Fig 1. The relationship of LWIC emotion words to Subjective Wellbeing, depending on how many months of word use data are included. From Liu, Pan, et al. "Do Facebook status updates reflect subjective well-being?." Cyberpsychology, Behavior, and Social Networking 18.7 (2015): 373-379.APA

Another study from 2018, "Does Counting Emotion Words on Online Social Networks Provide a Window Into People’s Subjective Experience of Emotion? A Case Study on Facebook", showed no relationship between LIWC word percentage and self-reported affect; however, human judges reading the posts were able to predict affect poorly but meaningfully (correlations around 0.15.) They summarize their results (for 185 college students) by quoting Pennebaker et al (2003):

Virtually every psychologically based text analysis approach has started from the assumption that we can detect peoples’ emotional states by studying the emotion words they use... [but] in reviewing the various word use studies, it is striking how weakly emotion words predict people’s emotional state... taken together, it is our sense that emotion researchers should hesitate before embarking on studies that rely exclusively on the natural production of emotion words. (p. 571)
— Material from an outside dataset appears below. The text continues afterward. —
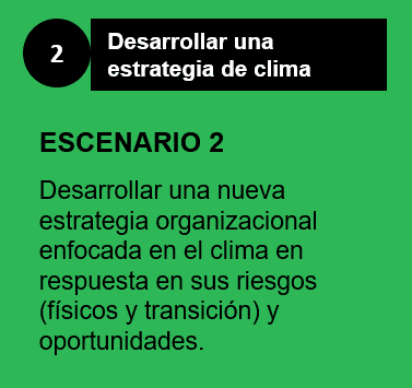 Para poder estimar estos riesgos potenciales a mediano y largo plazo, es necesario determinar la real magnitud del impacto originado por el cambio climático. Los escenarios tan cambiantes presentan un sinnúmero de desafíos para la comprensión de los efectos sobre el medio ambiente, no solo al nivel del negocio, sino también en el desarrollo estratégico y en el desempeño financiero. Cabe señalar que solo el 41% de las empresas del estudio realizado por EY, ha llevado a cabo análisis de escenarios. Si bien el análisis de escenarios es más complejo que otros elementos de divulgación, es quizás el aspecto más importante del marco TCFD, ya que convierte la teoría en estrategias tangibles y procesables. Esto alineado a la importancia para los inversionistas de conocer la estrategia de las compañías para poder hacerle frente a la vulnerabilidad del territorio donde se opera.

Finally, "Emotional States vs. Emotional Words in Social Media" (2015) found similar weak (~0.15) correlations between affective ratings and LIWC scores across 515 Facebook users:

...although we found a reliable correlation between negative affect on the PANAS and negative sentiment as measured by LIWC for Facebook status updates, at best the LIWC scores account for 4.2 percent of the variance in one’s reported negative affect.

Their analysis corroborates that 6 months of data is required, and suggests that this kind of analysis really only makes sense for a small subset of self-reported 'highly emotionally expressive' people.

The conclusion is clear– in no way are changes in a week's worth of LIWC emotion word data indicative of any underlying emotional changes in Facebook users.  Even over long time scales, positive words seem meaningless as a predictive tool of underlying emotional state.

Finally

The Facebook Emotion Contagion study shows incredibly small changes in emotion word rates from an invasive intervention.  These changes seem to be explained largely by common usage patterns (a typical user will post an infrequent, congratulatory post on a positive personal announcement); for the unaccounted difference that remains, there is substantial evidence refuting the idea that LIWC word choice captures anything meaningful about a user's emotional state.  For even the most severe manipulations, we cannot trace a causal pathway through user emotional.

For such a simple study, it is remarkably hard work to contextualize for typical Facebook users.  The paper uses statistical techniques that increase the probability of finding an effect at the expense of obscuring how large of an effect occurs at what intensity of intervention and for whom.  The point estimates we're given are reweighted by intervention type and averaged over an uneven distribution of users.

That makes our job– to contextualize the meaningful implications– significantly harder.  Effect size matters.  Missing this nuance not only can create a media firestorm over a totally benign intervention, it can also undermine the scientific value of the research.

*  ∫x*p(x) from .1 to .9, where p(x) = x / (∫x from .1 to 0.9) to normalize it so it's a probability distribution with area 1.